Parteilinke und Gewerkschaften haben Konzept kritisiert. Parteichef will einlenken. Bei Schwarz-Gelb zeichnen sich Eckpunkte ab.
Berlin. Parteichef Sigmar Gabriel ist nach Kritik auch aus den eigenen Reihen und den Gewerkschaften am SPD-Rentenkonzept zu Korrekturen bei der Rente mit 67 bereit. Im Gegensatz zur bisherigen Linie will Gabriel im Falle einer SPD-geführten Regierung zehntausenden Arbeitnehmern eine abschlagsfreie Rente ab dem 65. Lebensjahr erlauben: Wer 45 Versicherungsjahre habe, solle ohne Einbußen mit dem 65. Geburtstag in Rente gehen können, heißt es in Gabriels Beschlussempfehlung für den SPD-Vorstand an diesem Montag, die der „Süddeutschen Zeitung“ vorliegt. Ein SPD-Sprecher bestätigte den Vorabbericht der Zeitung.
Derzeit wird die einst von der großen Koalition beschlossene Rente mit 67 bis 2029 schrittweise eingeführt, Gabriel wollte bislang daran festhalten. Arbeitnehmer bekommen danach nur dann mit 65 Jahren ihre volle Rente, wenn sie 45 Jahre Beiträge gezahlt haben. Im Unterschied zu Beitragsjahren gelten als Versicherungszeiten, die Gabriel nun stärker als Kriterium heranziehen will, auch Perioden der Arbeitslosigkeit sowie Kindererziehungsjahre. An der Absenkung des gesetzlichen Rentenniveaus von derzeit etwa 50 auf 43 Prozent des durchschnittlichen Nettolohns – auch dies war von der Parteilinken kritisiert worden – will Gabriel nichts ändern.
Sein Vorschlag ist laut Zeitung, die sich auf Angaben aus SPD-Führungskreisen beruft, mit den Gewerkschaften abgestimmt und soll auch den SPD-Streit um das künftige Rentenniveau entschärfen. Informell hätten Politiker des linken Flügels sowie die denkbaren Kanzlerkandidaten, Fraktionschef Frank-Walter Steinmeier und Peer Steinbrück, Zustimmung signalisiert.
Kern von Gabriels Rentenkonzept ist eine Mindestrente von 850 Euro für alle, die 30 Jahre lang Beiträge gezahlt haben. Eine Solidarrente soll Geringverdienern eine steuerfinanzierte Grundsicherung von 850 Euro garantieren.
Arbeitsministerin Ursula von der Leyen (CDU) setzt dagegen auf eine teils aus Beiträgen finanzierte Zuschussrente für Geringverdiener. Ihr Konzept ist aber in der Union und der Koalition heftig umstritten. Allmählich zeichnen sich Eckpunkte für eine Kompromisslösung ab – die allerdings auch kostet.
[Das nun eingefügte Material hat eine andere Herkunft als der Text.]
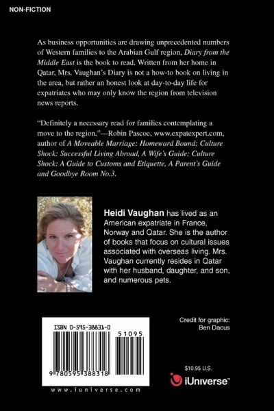 As business opportunities are drawing unprecedented numbers of Western families to the Arabian Gulf region, Diary from the Middle East is the book to read. Written from her home in Qatar, Mrs. Vaughan's Diary is not a how-to book on living in the area, but rather an honest look at day-to-day life for expatriates who may only know the region from television news reports. 'Definitely a necessary read for families contemplating a move to the region."-Robin Pascoe, www.expatexpert.com, author of A Moveable Marriage; Homeward Bound; Culture Shock: Successful Living Abroad, A Wife's Guide; Culture Shock: A Guide to Customs and Etiquette, A Parent's Guide and Goodbye Room No.3.
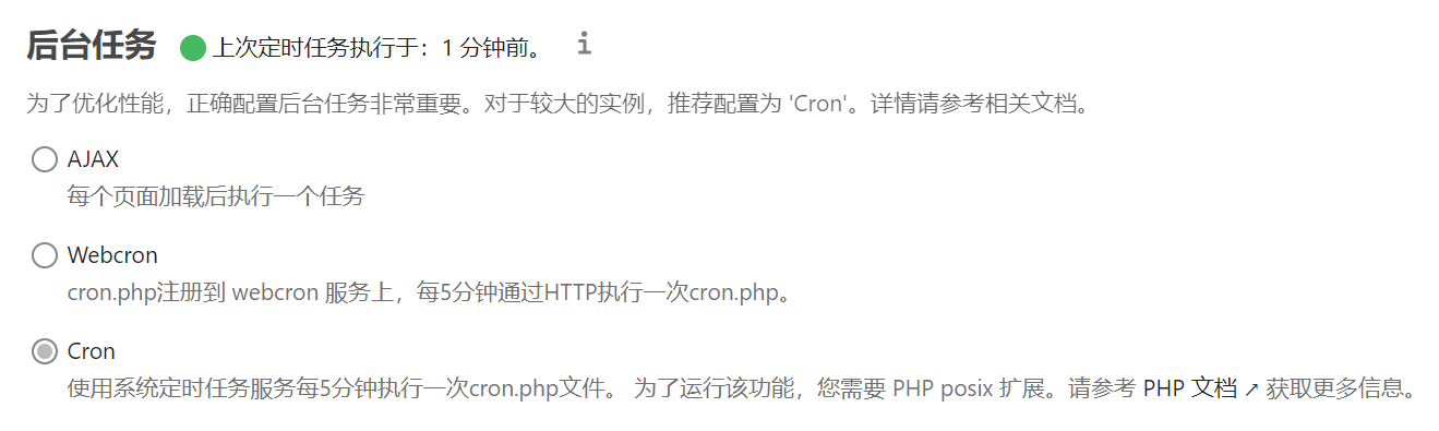 NextCloud 服务端有时需要在无需用户交互时执行一些后台任务,例如数据库清理等操作。PHP 的运行特性限制了基于 PHP 的程序无法内部维持一个独立的工作进程或线程,因此类似后台任务的场景需要由外部主动调用对应的 PHP 程序来执行。
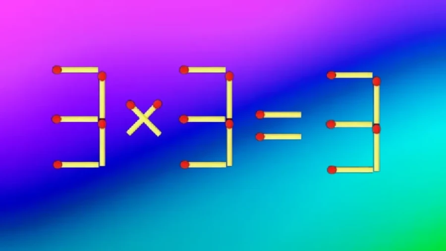 Небольшая, но коварная задача со спичками: в записи «3×3=3» допущена ошибка. Разрешается переместить только одну спичку — остальные остаются на месте.
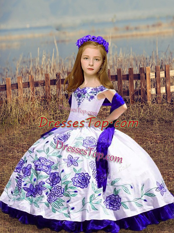 Embroidery Kids Pageant Dress White Lace Up Sleeveless Floor Length
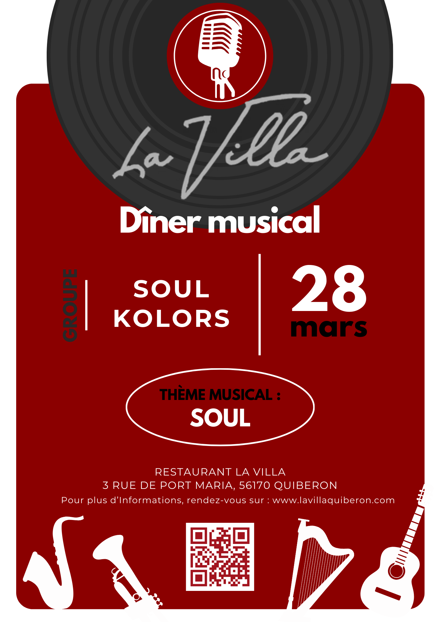 Enjoy a musical dinner at LA VILLA restaurant. Enjoy a dinner with SOULKOLORS in a calm, elegant and soulful atmosphere for one evening.
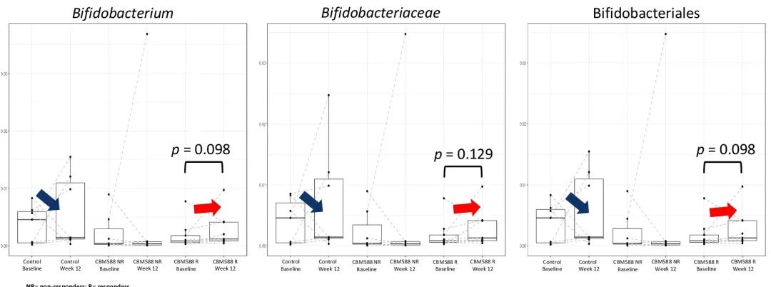 研究方法:我们进行了一项开放性随机研究,主要入组标准为确诊的透明细胞和/或肉瘤样mRCC、IMDC为中等/不良风险和转移性疾病并且未接受系统性治疗。患者按2:1随机分为N/I+CBM-588组和N/I组,每3周静脉注射3mg/kg N和1mg/kg I,持续12周,然后每4周静脉注射480mg N。CBM-588口服剂量为80mg bid(图1)。在基线检查和12周时收集粪便进行细菌分析并进行宏基因组测序(Dizman等 Cancer-Med 2020)。研究的主要终点是从基线检查到第12周双歧杆菌属的变化。次要终点包括微生物多样性的变化和临床结局,包括有效率(RR)和无进展生存期(PFS)。

So werden nach einem „Spiegel“-Bericht für eine Änderung der bisherigen Anrechnung der Riester-Rente bei der Grundsicherung im Alter bis zu vier Milliarden Euro veranschlagt. Mit der Maßnahme will die Union private Vorsorge besser belohnen. Zudem sollen bei Müttern, deren Kinder vor 1992 geboren wurden, die Erziehungszeiten bei der Rente höher bewerten werden.
Nach Angaben der „Leipziger Volkszeitung“ haben sich Union und FDP auf eine grundsätzliche Verbesserung beim Erwerbsminderungsschutz für jene verständigt, die nicht bis zum 67. Lebensalter arbeiten können.
Der Arbeitnehmerflügel der CDU mahnte ein rasches Konzept an: „Wir müssen verhindern, dass die Altersarmut zunimmt“, sagte der stellvertretende Vorsitzende der Christlich-Demokratischen Arbeitnehmerschaft (CDA), Christian Bäumler. Es müsse jetzt gehandelt werden. Sonst werde bis 2030 mindestens ein Drittel der Arbeitnehmer weniger als die Grundsicherung im Alter erhalten.